A tour de force of writing, which I loved.
Published 13th October
Holding, Graham Norton
The Irish village of Duneen is a place tourists pass through to get to somewhere prettier. Little changes there from year to year: land ownership, marriages and religion are the main concerns of the inhabitants. The book starts really well. As we meet the villagers, we seem at first to be in an Irish Milk Wood and can almost hear the soft accents. When human remains are found on old farm land now being redeveloped, reaction in the village is more extreme than might be expected. Whose bones; why there; who knows the truth? This is the puzzle for overweight (yes, it matters), Guard ‘P J’ O’Connelly, tasked with interviewing people who don’t want to tell him anything. The village seems full of sad souls. Three spinster sisters, living apart from their neighbours in a big house. A drunken wife who feels her husband married her for her land. As for P J’s housekeeper, she has been behaving strangely ever since the news broke. Eventually the truth is out and you wonder if the village can settle back into its torpor.
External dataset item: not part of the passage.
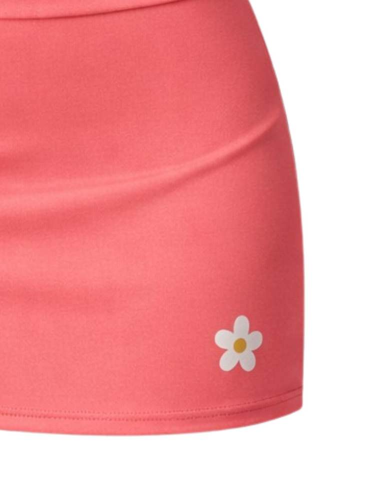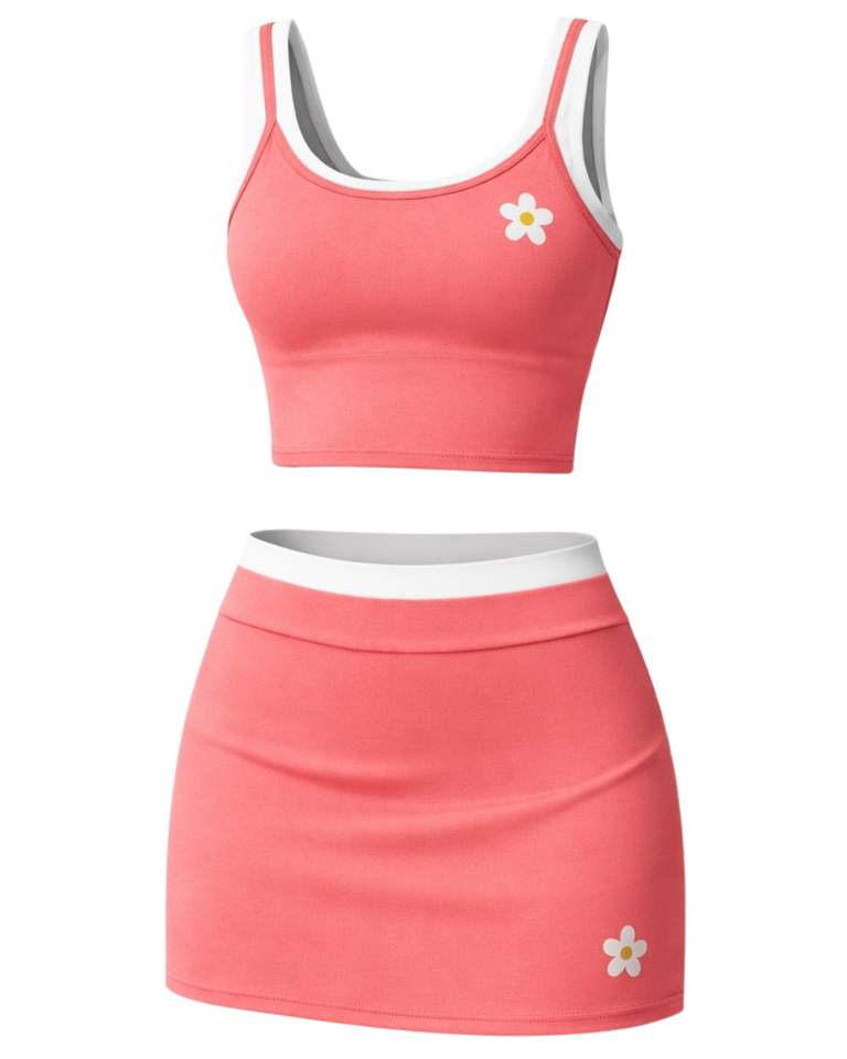 ชุดเซ็ตเสื้อครอปท็อปสีคอรัลและกระโปรงมินิสำหรับผู้หญิง แบบสั่งทำพิเศษ เสื้อชั้นในกีฬาแบบไม่มีแขน ชุดออกกำลังกายโยคะสองชิ้น ชุดลำลองสำหรับฤดูร้อน ชุดฟิตเนส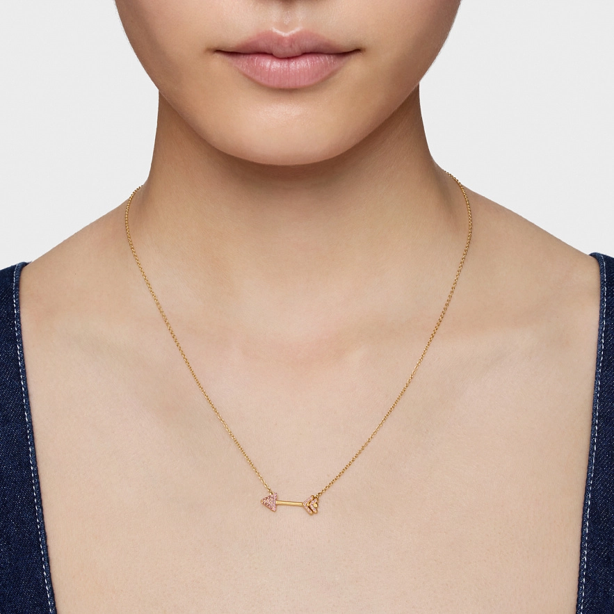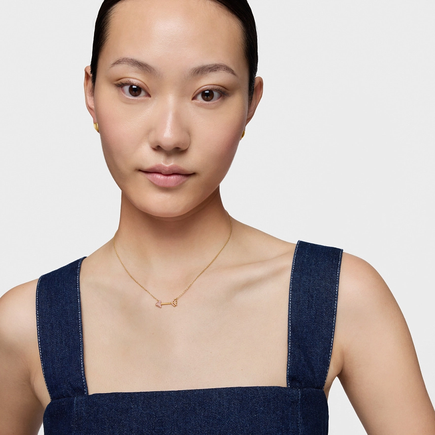 Колье TOUS Flechazo из серебра 925 пробы с 18-каратным золотым покрытием с мотивом стрелы и ограненными круглыми родолитами. Длина колье: 45 см. Застежка-пружина. Изделие изготовлено из серебра 925 пробы с 18-23-каратным золотым покрытием толщиной 3 микрона. Такое качество гарантирует большую долговечность украшения.

Graham Norton has written other books but this is his first novel. He says it’s ‘not the novel I planned to write’ but that it’s best ‘to write about what you know’, and he knows Ireland. It’s well written, amusing in places and a genuinely puzzling mystery. I just felt that having laid the table so nicely, Graham didn’t put quite enough meat on it. I hope he will persevere and write another novel.
Published 6th October. What a strange cover! At first, I thought it showed a space ship.
Magpie Murders, Anthony Horowitz
‘When editor Susan Ryeland is given the tattered manuscript of Alan Conway's latest novel, she has little idea it will change her life.’
Alan Conway is the author of a series of mysteries featuring his detective Atticus Pünd. The books are set in the 1950s and are the chief earners for the small publishing company Susan works for. Conway’s new novel, Magpie Murders is then presented verbatim to the reader, without interruptions. So, having been introduced to Susan and her world, we’re suddenly reading a golden age-style mystery. This is cleverly written, although with some anachronisms which should have been spotted. Little does the reader suspect that the manuscript is actually full of clues to Alan Conway’s life, writing and a real life mystery. Susan turns detective herself, searching for the book’s missing final chapters and uncovering a modern plot with a melodramatic denouement.
As I said, this is all cleverly done but after looking forward to reading the book, I was rather disappointed in it. I can read a golden age mystery or a thriller any time. Mixing the two just didn’t quite come off for me. I think I’d have enjoyed it more had I been reading a paper copy and been able to flip back through it looking for all the cunningly laid clues I’d missed.